Respiratory viruses can disrupt the airway epithelium and precipitate bacterial adherence. Influenza A infection has been shown to cause epithelial shedding to basement membrane with submucosal oedema and neutrophil infiltrate [61], while both influenza and adenovirus have a cytopathic effect on cultured nasal epithelium leading to destruction of the cell monolayer [62]. This epithelial damage results in an increase in the permeability of the mucosal layer [63, 64] and possibly facilitating bacterial adherence. Bacteria can also utilise viral glycoproteins and other virus-induced receptors on host cell membrane as bacterial receptors in order to adhere to virus-infected cells [65, 66].

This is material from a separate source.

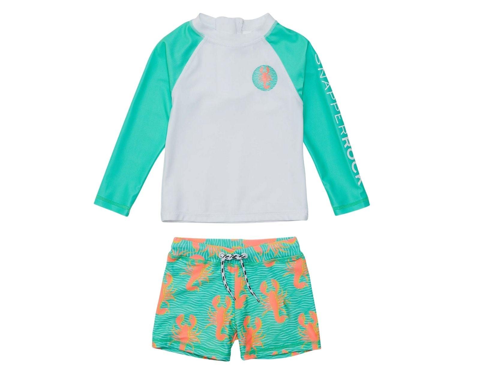 Your little one can swim in style without burning in the UPF 50+ Top & Swim Shorts Set. Made with non-toxic 50+ UPF fabric to keep little bodies sun-safe all day long (wet or dry), this two-piece rash guard set, complete with a long-sleeve and swim shorts, provides the sun coverage your little one needs! The set features:
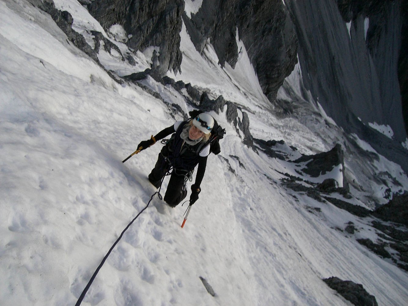 Vorsicht: Der untere Wandteil ist durch einen Eisbruch rechts oben am Gipfelplatau extrem gefährte. Oft unkontrollierter Serac Abbruch direkt in die Nordwand hinein!!!!

Kim et al. [67] found that invariant natural killer T cells induce a type of macrophage activation driving the secretion of interleukin-13 leading to the production of globlet cell metaplasia and airway hyperactivity following infection with Sendai virus. The term ‘invariant’ stems from the fact that all invariant natural killer T cells in humans and mice use a unique T cell receptor that is essential for interaction with CD1d. CD1d molecules present lipid antigens to T lymphocytes rather than peptide antigens as in the case of major histocompatibility complex (MHC) class I and II molecules. Historically, MHC class II dependent CD4 and T lymphocytes, through their response to stimulation by environmental allergens, are keys to the pathogenesis of human asthma. The findings by the authors lead to the notion of the use of anti-interleukin-13 therapy as a potential therapy in patients.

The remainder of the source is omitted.